I haven't seen the movie nor do I know alot about David Cronenberg's films, but given this information, I have a theory.  I suspect that the tail is somehow symbolic.  I found this quote from Roger Ebert's website:

"to the innate violence of Darwinian evolution, in which better-adapted organisms replace those less able to cope. 'I am a complete Darwinian,' says Cronenberg, whose new film is in many ways about the survival of the fittest -- at all costs."

In addition, I found bit of information that someone on the imdb message boards brought up [possible spoiler]:



Spoiler



"Some posts have claimed that this film demonstrates Darwin's natural selection - ie Tom is stronger thus he wins. The fact that his son is able, when he finally cracks, to deliver such well aimed violence when he has presumably never before even hit anyone, seems to imply that he has inherited the ability to be violent."

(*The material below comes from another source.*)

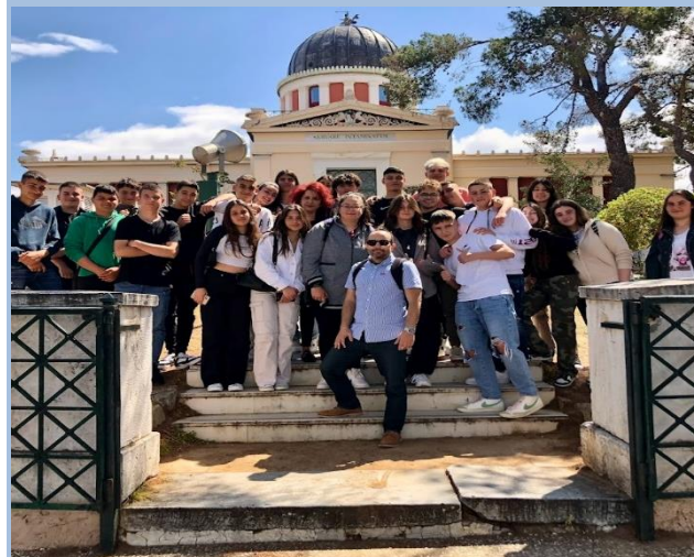
Στο Γεωδυναμικό Ινστιτούτο ως Εκπαιδευτικός και υπεύθυνος προγράμματος σχολικών δραστηριοτήτων.

Given Cronenberg's inclinations toward the unusual (Naked Lunch still leaves twisted imagery in my head), it might make sense.


----------



## 1sallycat (Nov 19, 2016)

I think the tail is real and not added for a Darwinian aspect, because you can see it when he runs naked into the water in "The Road", as well.


----------



## RangerWickett (Nov 21, 2016)

Mortensen doesn't have a tail in Eastern Promises, which also has a naked fight scene.


----------



## Ralif Redhammer (Nov 21, 2016)

Hrm. Never noticed that. I’m a big fan of classic Cronenberg, but pretty much anything after eXistenz has left me cold, except for Eastern promises.


----------